Keeping a Mint plant handy has been something I've always done. I enjoy using mint in some foods and as an extra in green salads. It give such a fresh flavor when added.
This past few months I've had a Chocolate Mint plant in a pot, on my deck in the full sun, and the aroma is outstanding.
The plant is getting large so I thought to clip it a bit and dry some of the leaves. But, I have never used Chocolate Mint and had to do a bit of research.
Do I dry it or just put in a freezer bag then put into the freezer?
How do I store this mint?
From what I read
Chocolate Mint (Mentha piperita cv.) neither smells nor tastes like chocolate, but rather it is reminiscent of an Andes after-dinner chocolate Mint. Thus, the suggestion of Chocolate is there and is strong enough to make us love it.
Great dried and added to black tea or used by itself, Chocolate Mint also makes a nice addition to chocolate deserts or a surprise addition to breakfast breads.
Mints develop their best colors and flavors when grown in the sun like this Chocolate Mint. There are two growth phases for mints, at first, in early spring, the stems head up to make flowers. After flower production, the horizontal runners take off and cover a lot of distance in a short time. Bees and Butterflies love mint flowers.

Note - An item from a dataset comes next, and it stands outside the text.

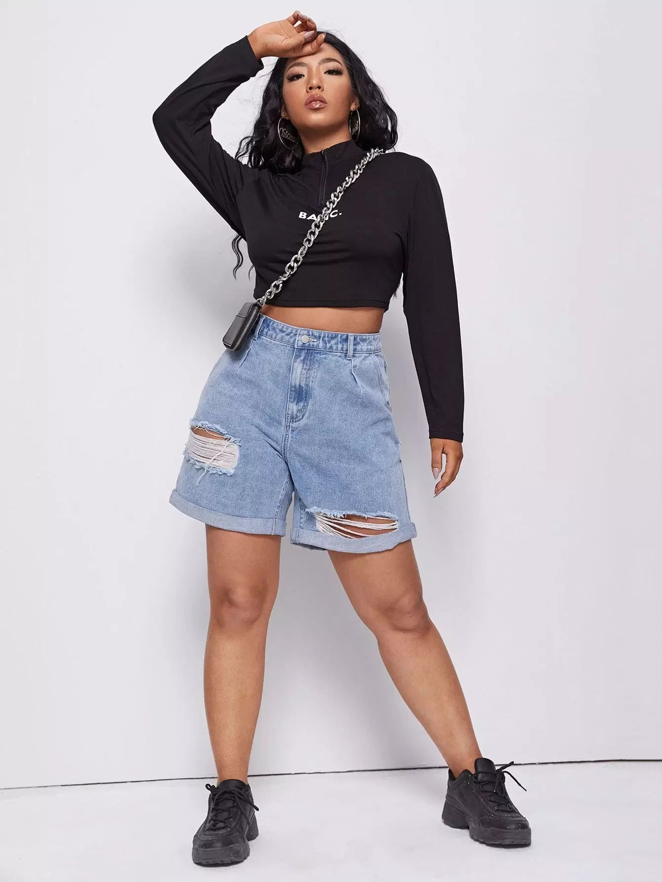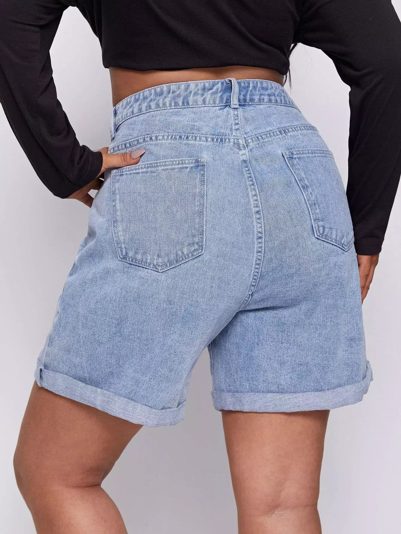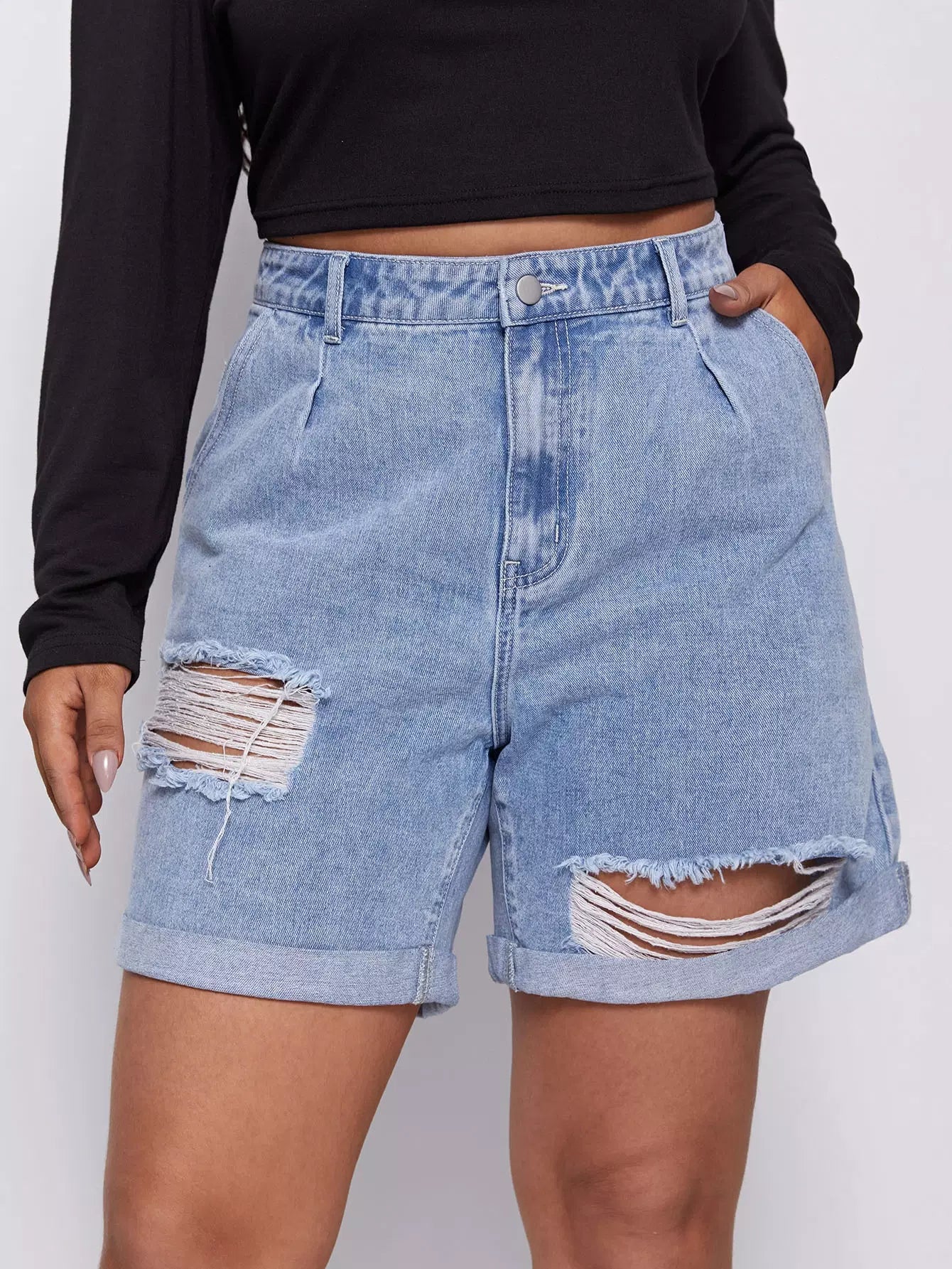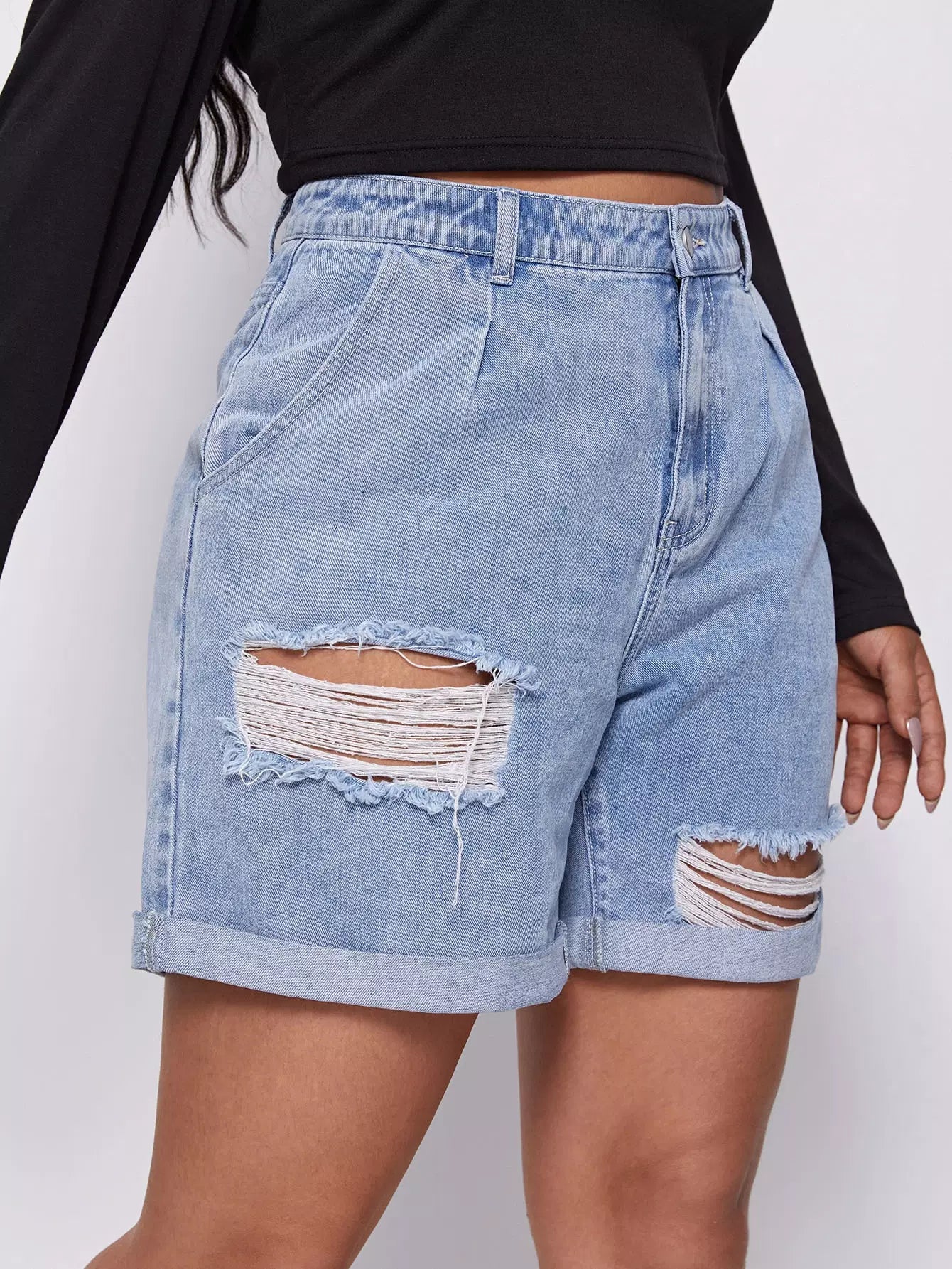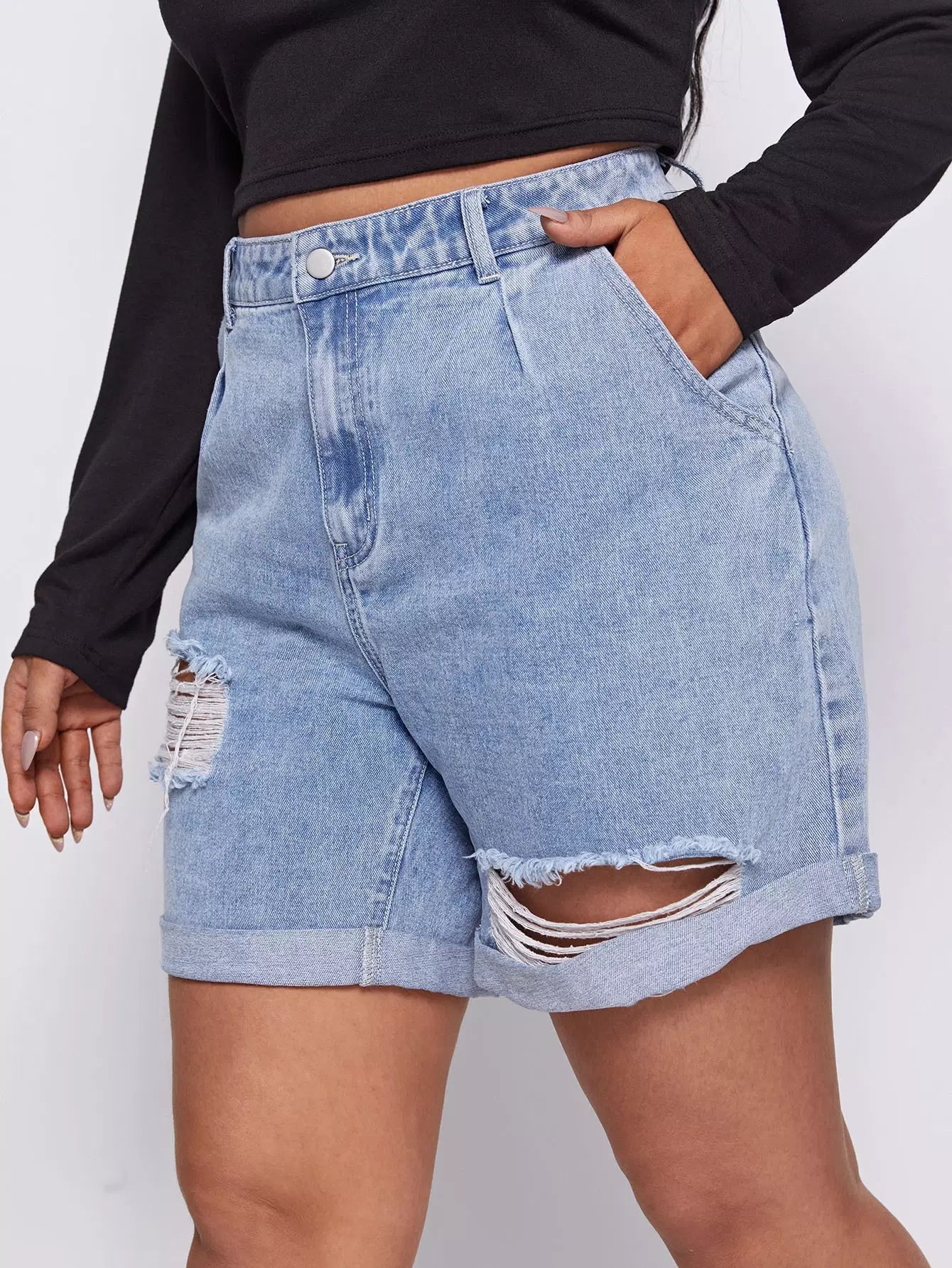 Plus High Waist Ripped Roll Hem Denim Shorts

I gathered my little harvest and tied it together then hung it in the kitchen window to dry. I will have to wait for it to dry before testing it in my evening green tea.
We will see how it works?
My kitchen window is the catch all for my garden clippings. I have a bit of Rosemarry trying to root and a little Roma Tomato that fell off the vine. Garlic, well that is where I keep it all the time.
I'm going to try the Chocolate Banana Bread this week. Wonder if I can put in fresh leaves or is it important to use only dry!
I love a good experiment!
Will post more on that another time!